If we're asking him to perform, for example 5 minutes of squats, how
much load should we use? Well, 70 lbs. will be too much; that's his
maximum. You could use a bilateral squat which would then cut the load
in half (35 lbs on each leg). That might work. But, we also need a
little fatigue. We need to know that the muscle tugged on the tendon
enough and the only way to know that is to achieve a certain level of
fatigue. You could use a scale, 0-10 where 10 is extreme fatigue, and
aim for 5/10 fatigue at the end of the set.
So, you could start at Level 6 on the Total Gym, bilateral squats, to
no more than 90 degrees of motion, five minutes and assess the fatigue
both during and after the set. You want to check during the set because
sometimes the client, because he is not used to performing squats, will
fatigue rapidly. I've had clients, like our example client, reach a 5
or 6 level of fatigue in under two minutes. Watch the pattern of motion
- make sure it's well controlled - and inquire about fatigue. I
ask,"What is your fatigue level? What number?" Rather than, "Are you
fatigued?" Remember the volume: 500 squats at 35 lbs of load is 17,500 lbs of total force.
This process takes a session or two to find the right dosage. Once you
have it, some clients will change stages on you faster than you might
think. You have to adjust the training to match the stage for maximal
progression. This is probably a common mistake - failure to "edge"

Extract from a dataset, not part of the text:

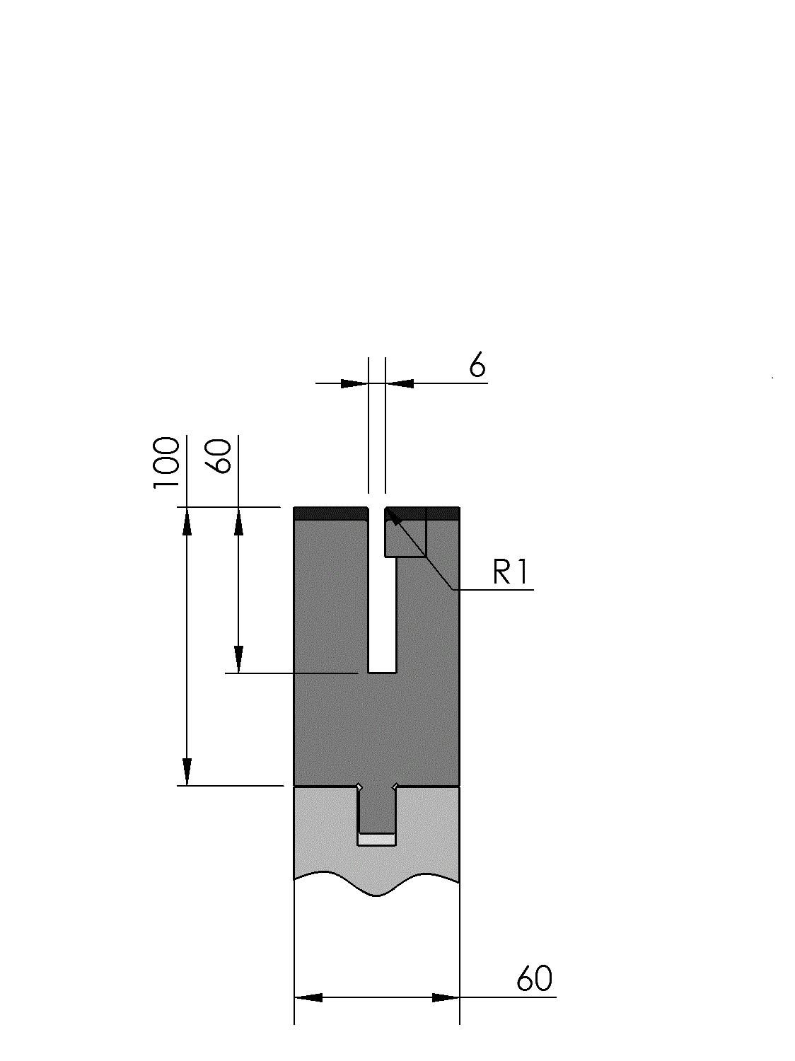 New Standard Premium Unterwerkzeug versehen mit WILA New Standard ATC, Arbeitshöhe=100mm, U-öffnung=6x60mm (BxD), Biegeradius=1mm CNC-Tiefgehärtet® (mindestens 4mm / 56-60HRc), Material=CR-MO

clients as they move through the stages.
This leads into other areas of the session that I call "coaching". This
is about how to get the information you need without being obvious, how
to help people make decisions instead of you making them, etc. Staging
has a large "subjective" component (which, by the way is not less
valuable than things you measure but I digress) and to figure out what
stage the client is in, you have to know how they feel. You need to
know what the injury is doing to them and how they are reacting to it.
For example, the difference between Stage 4 and 5 is mostly the
severity of pain and the degree of impact on activities of daily
living.There's only one way to find that out. You have to talk. What
you say and how you say it is coaching.
Once you reach Stage 4, the program shifts. It moves away from the
higher volume and lower loads to higher loads, speeds, and greater
motion with fewer repetitions. I'll go over that next time.

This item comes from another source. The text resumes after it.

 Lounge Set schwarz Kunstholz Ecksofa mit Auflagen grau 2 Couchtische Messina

And, of course, there are other elements to a comprehensive program
including biomechanics, understanding segment links (like how the hip
and ankle move, etc) and coaching. But, for now, all I'm focusing on
is tissue healing.
If you know the Pathology (tendonosis), Load Tolerance (e.g. 70 lbs) and the Stage (e.g Stage 5), the
program design is much easier. Try going through this case without any
of this information and then pay attention to how confident (or not)
you feel about your plan. I think you'll find that this combination of
information makes a significant difference for you.
And, before I get emails about what to do if you don't have the tools,
my answer is always the same. Good luck. I quit trying to "make do" a
long time ago. But, that's another story. Tools are key. Remember, you
have to match the environment to the person and that's what tools do
for you.
DK
ref: (Simonsen, E., H. Klitgaard, et al. (1995). "The influence
of strength training, swim training and ageing on the Achilles tendon
and m. soleus of the rat." J Sports Sci 13(4): 291-5.